- **RECORDED DATA**
□ □ □ □ □

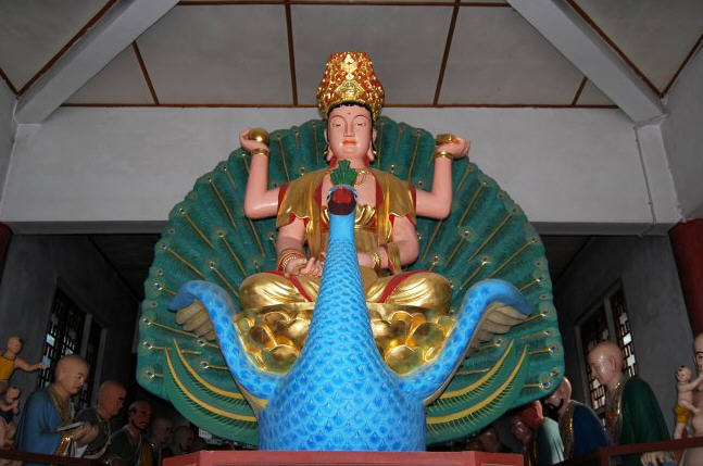 入口处,是孔雀明王,明王呈一面四臂之相,手持莲花、俱缘果、吉祥果、孔雀尾,跨乘金色孔雀王。所持四物中,莲花表敬爱,俱缘果表调伏,吉祥果表增益,孔雀尾表息灾。此明王为毗卢遮那如来(释迦牟尼佛的法身佛)之等流身(也算一种化身)。左以迦叶领头,右以阿难领衔。
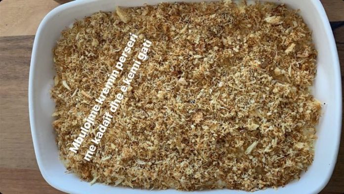 Përgatisim kremin me përbërësit e përmendur më lartë, i ziejmë derisa të fillojmë një masë të dendur. Këtë masë e shtojmë sipër kadaifit. Përmbi kremin hedhim përsëri kadaifin e mbetur duke u mbulur komplet sipërfaqen e kremit.
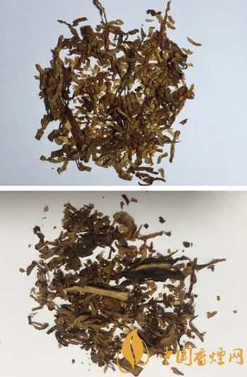 真品卷煙煙絲呈金黃色、絲條狀,煙絲結構為純葉絲,香氣醇厚;假煙煙絲呈棕黑色,含末量大,煙梗較多,香精氣味濃烈。
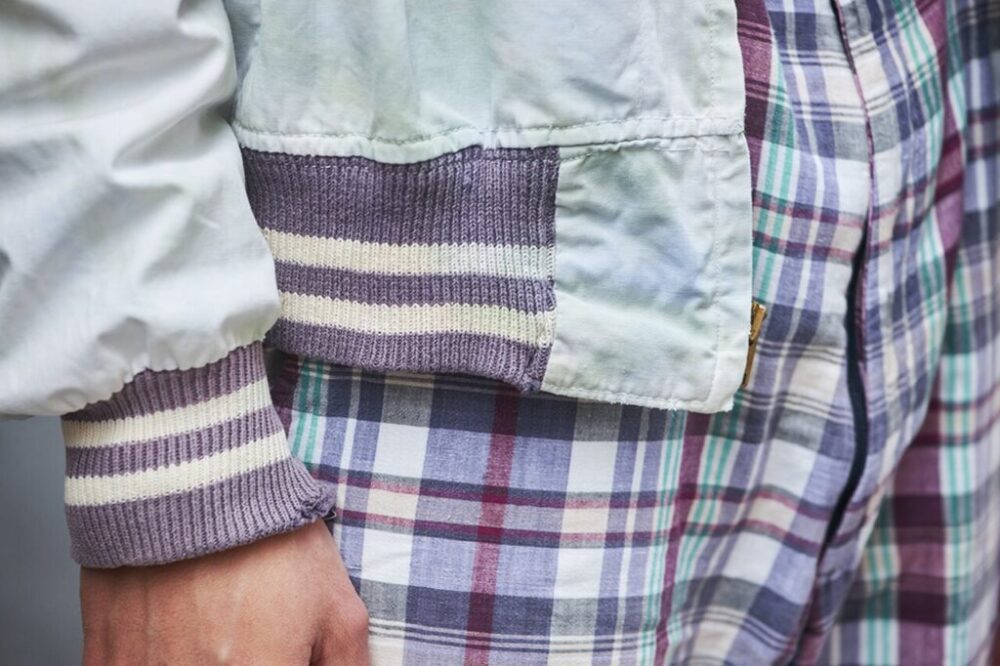 「マドラスパンツと、ジャケットのリブの色を合わせています。多色使いでもメインのアイテムの色を合わせることがポイントです」

□ □ □ □ □

The data above must be reproduced exactly, without any of its pictures.

- **RESULT**
 入口处,是孔雀明王,明王呈一面四臂之相,手持莲花、俱缘果、吉祥果、孔雀尾,跨乘金色孔雀王。所持四物中,莲花表敬爱,俱缘果表调伏,吉祥果表增益,孔雀尾表息灾。此明王为毗卢遮那如来(释迦牟尼佛的法身佛)之等流身(也算一种化身)。左以迦叶领头,右以阿难领衔。
 Përgatisim kremin me përbërësit e përmendur më lartë, i ziejmë derisa të fillojmë një masë të dendur. Këtë masë e shtojmë sipër kadaifit. Përmbi kremin hedhim përsëri kadaifin e mbetur duke u mbulur komplet sipërfaqen e kremit.
 真品卷煙煙絲呈金黃色、絲條狀,煙絲結構為純葉絲,香氣醇厚;假煙煙絲呈棕黑色,含末量大,煙梗較多,香精氣味濃烈。
 「マドラスパンツと、ジャケットのリブの色を合わせています。多色使いでもメインのアイテムの色を合わせることがポイントです」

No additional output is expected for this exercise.